> _PROMPT_
From the first line of the material through the line that holds "boAt Rockerz 480", repeat each line exactly and skip any picture.

> _GIVEN RECORDS_
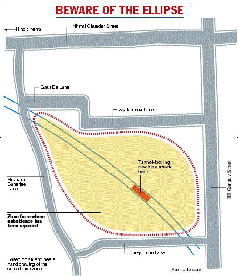 Geo-technical analysts and engineers have found that the subsidence zone in Bowbazar has taken the shape of an ellipse and are trying to prevent its spread by building a concrete underground wall around it.
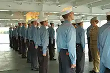U.S. citizen candidates for admission must sign a service obligation contract as a condition of admittance to the USMMA; U.S. candidates who completed Indoc will execute the Oath of Office as a Midshipman in the Navy Reserve the day prior to Acceptance Day.[76] Plebes officially become part of the USMMA Regiment of Midshipmen on Acceptance Day, which is now standardized at 2 weeks after Indoc ends.[77] Until they are "recognized" later in the academic year, plebes must continue adhere to stringent rules affecting most aspects of their daily life. After earning it, the plebes are recognized, henceforth accorded privilege of the title Midshipman, which gives them more privileges, known as "rates".
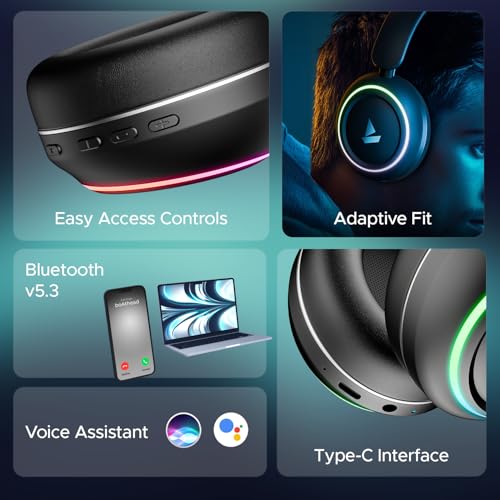 boAt Rockerz 480 W/RGB LEDs, 6 Light Modes, 40Mm Drivers, Beast Mode, 60Hrs Playback, Enx Tech, BT V5.3, Adaptive Fit & Easy Access Controls, Bluetooth Over Ear Headphones(Black Sabre) : Electronics
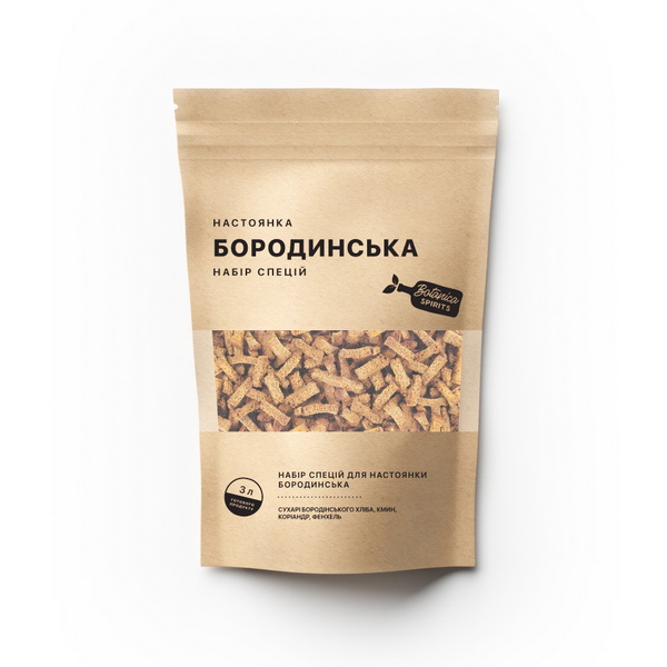 Напій названий за аналогією з ароматним бородинським хлібом, в який за рецептом додається багато коріандру. Крім прянощів, до бородинської настоянки обов'язково входять чорні сухарики з цього хліба. Такий напій ідеально підійде до будь-яких страв зі свинини, птиці, гуляшу, салатів – загалом, до всього пряного, смачного та апетитного.
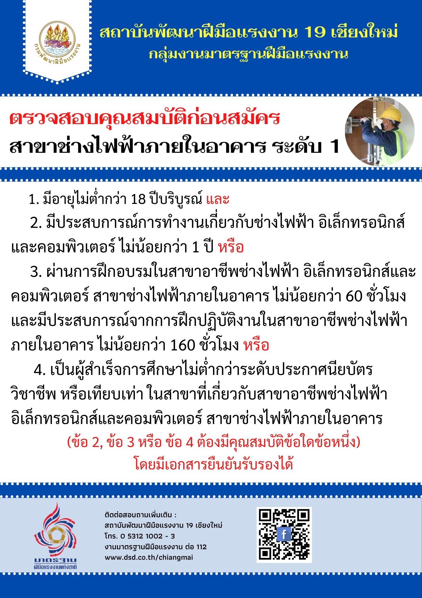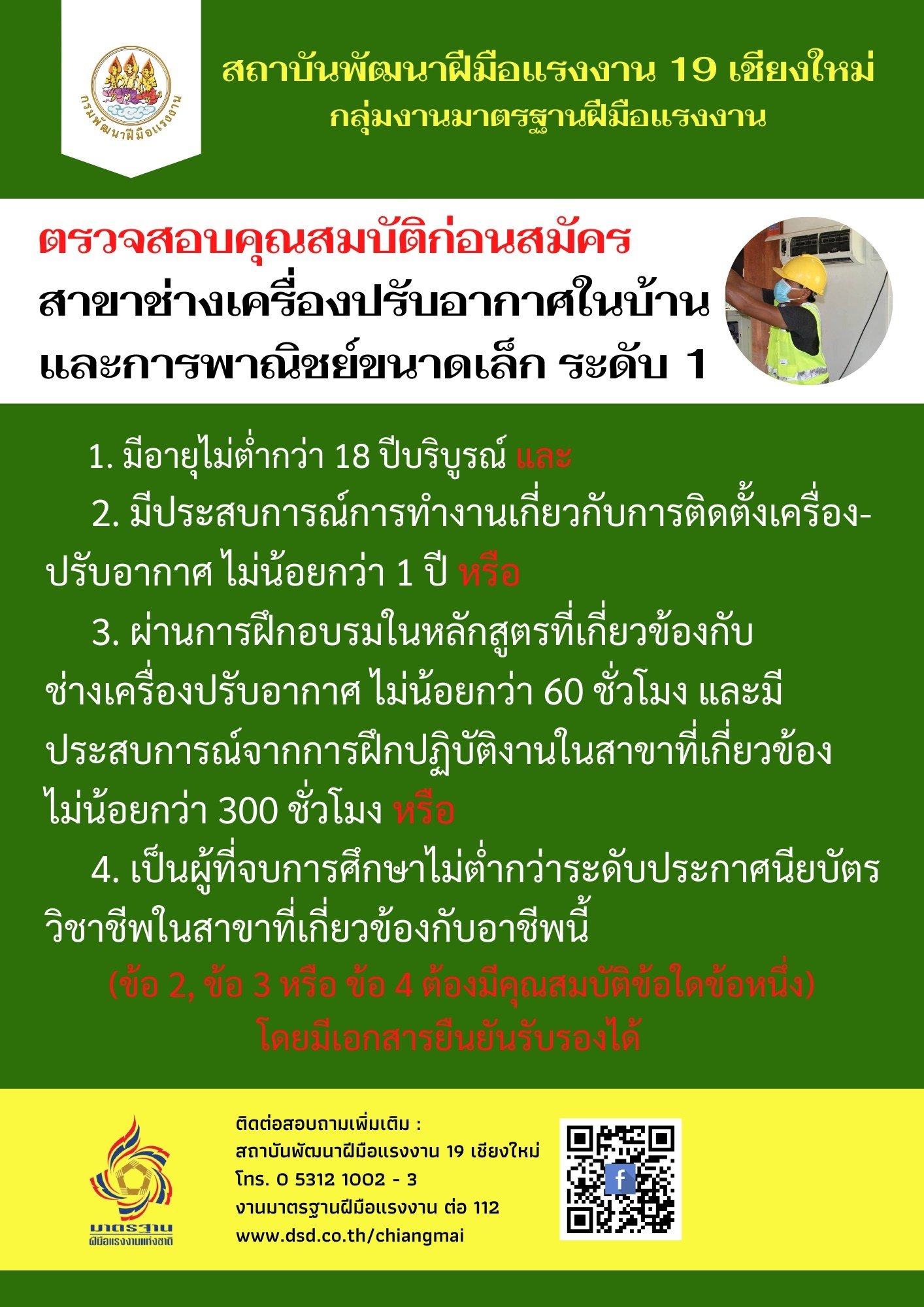 คุณสมบัติ ผู้เข้าทดสอบมาตรฐานฝีมือแรงงานแห่งชาติ (ช่างอุตสาหกรรม ได้แก่ ช่างไฟฟ้า ช่างเครื่องปรับอากาศ)
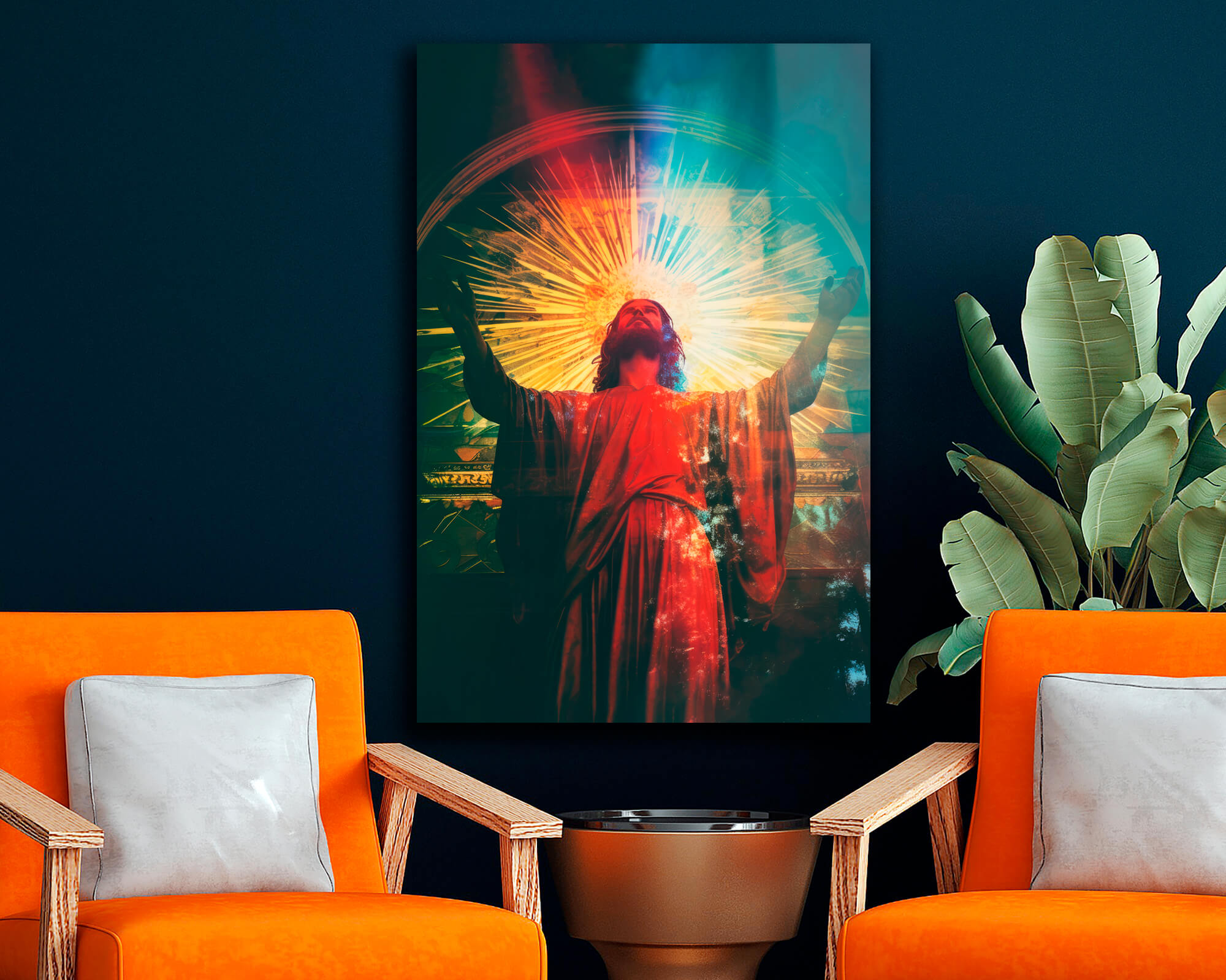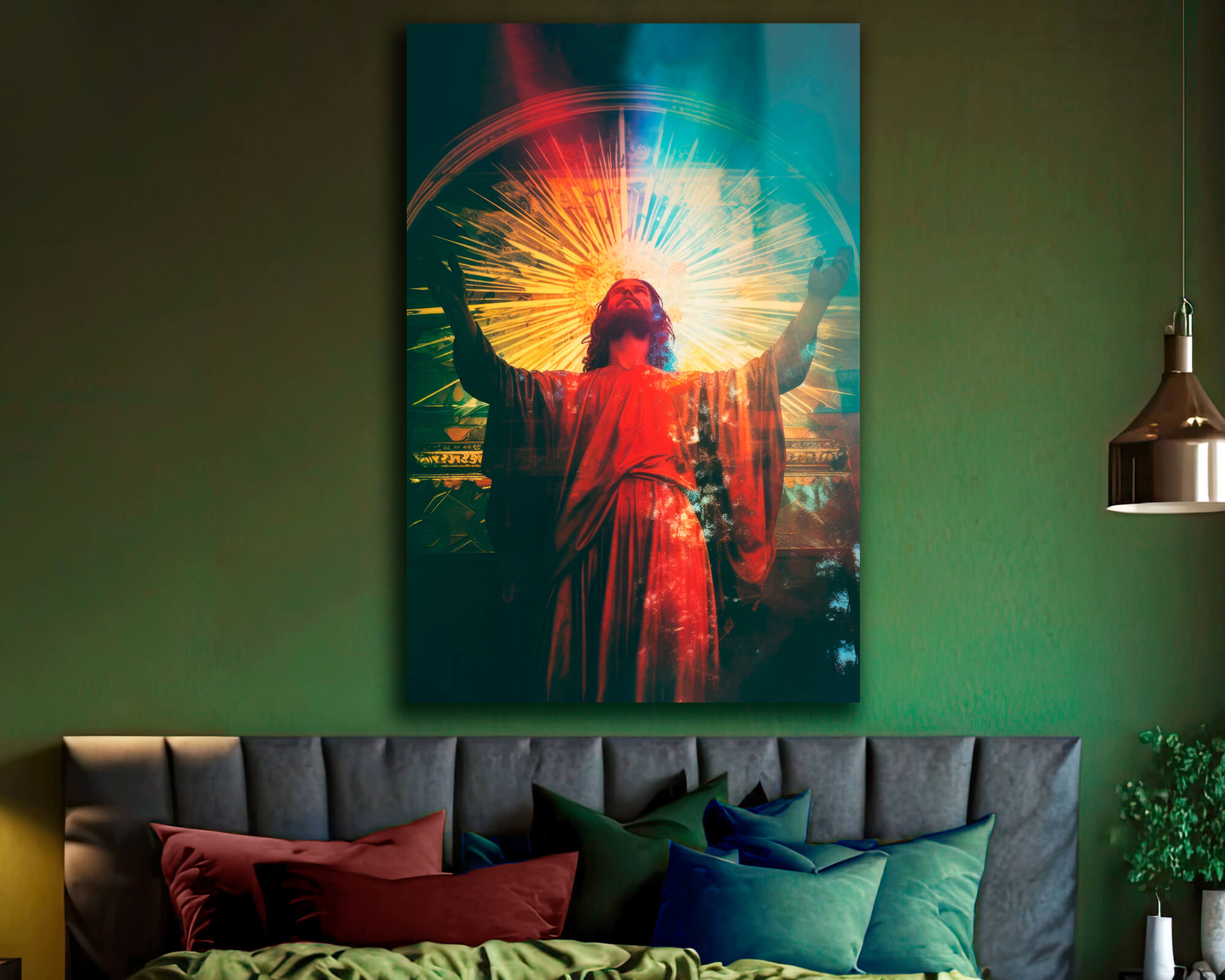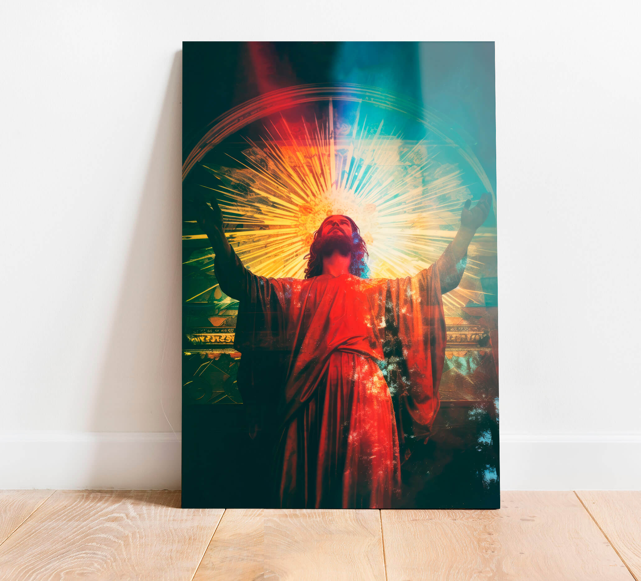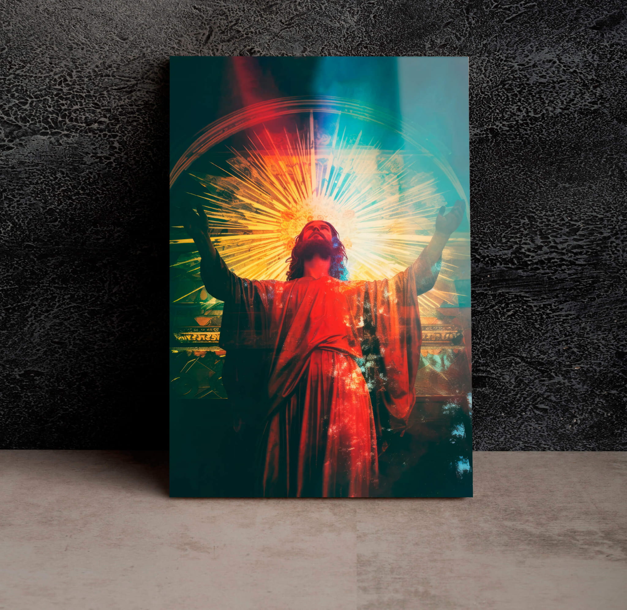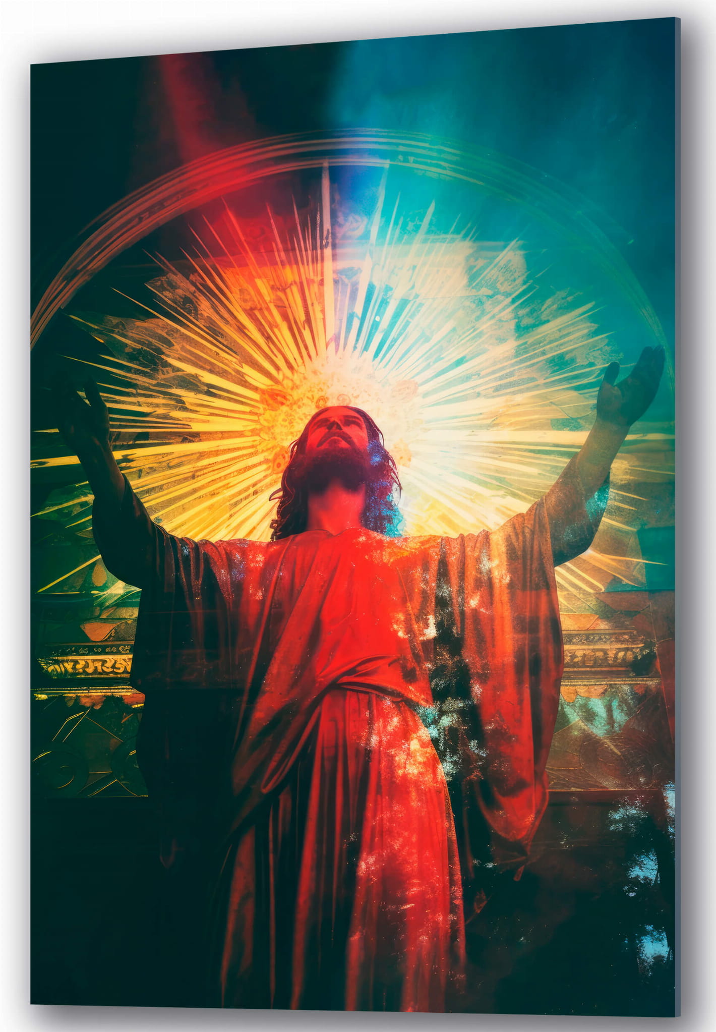 „Chrystus w Promieniach Światłości” jest uderzającym symbolem duchowego światła, siły i nadziei. Wizerunek Jezusa z uniesionymi ramionami, otoczonego blaskiem niebiańskiego światła, przypomina nam o boskiej obecności i łasce, która otacza nas wszystkich. Jego wizerunek symbolizuje błogosławieństwo, miłość i przewodnictwo pochodzące z nieba.

> _SOLUTION TO THIS PROBLEM_
 Geo-technical analysts and engineers have found that the subsidence zone in Bowbazar has taken the shape of an ellipse and are trying to prevent its spread by building a concrete underground wall around it.
U.S. citizen candidates for admission must sign a service obligation contract as a condition of admittance to the USMMA; U.S. candidates who completed Indoc will execute the Oath of Office as a Midshipman in the Navy Reserve the day prior to Acceptance Day.[76] Plebes officially become part of the USMMA Regiment of Midshipmen on Acceptance Day, which is now standardized at 2 weeks after Indoc ends.[77] Until they are "recognized" later in the academic year, plebes must continue adhere to stringent rules affecting most aspects of their daily life. After earning it, the plebes are recognized, henceforth accorded privilege of the title Midshipman, which gives them more privileges, known as "rates".
 boAt Rockerz 480 W/RGB LEDs, 6 Light Modes, 40Mm Drivers, Beast Mode, 60Hrs Playback, Enx Tech, BT V5.3, Adaptive Fit & Easy Access Controls, Bluetooth Over Ear Headphones(Black Sabre) : Electronics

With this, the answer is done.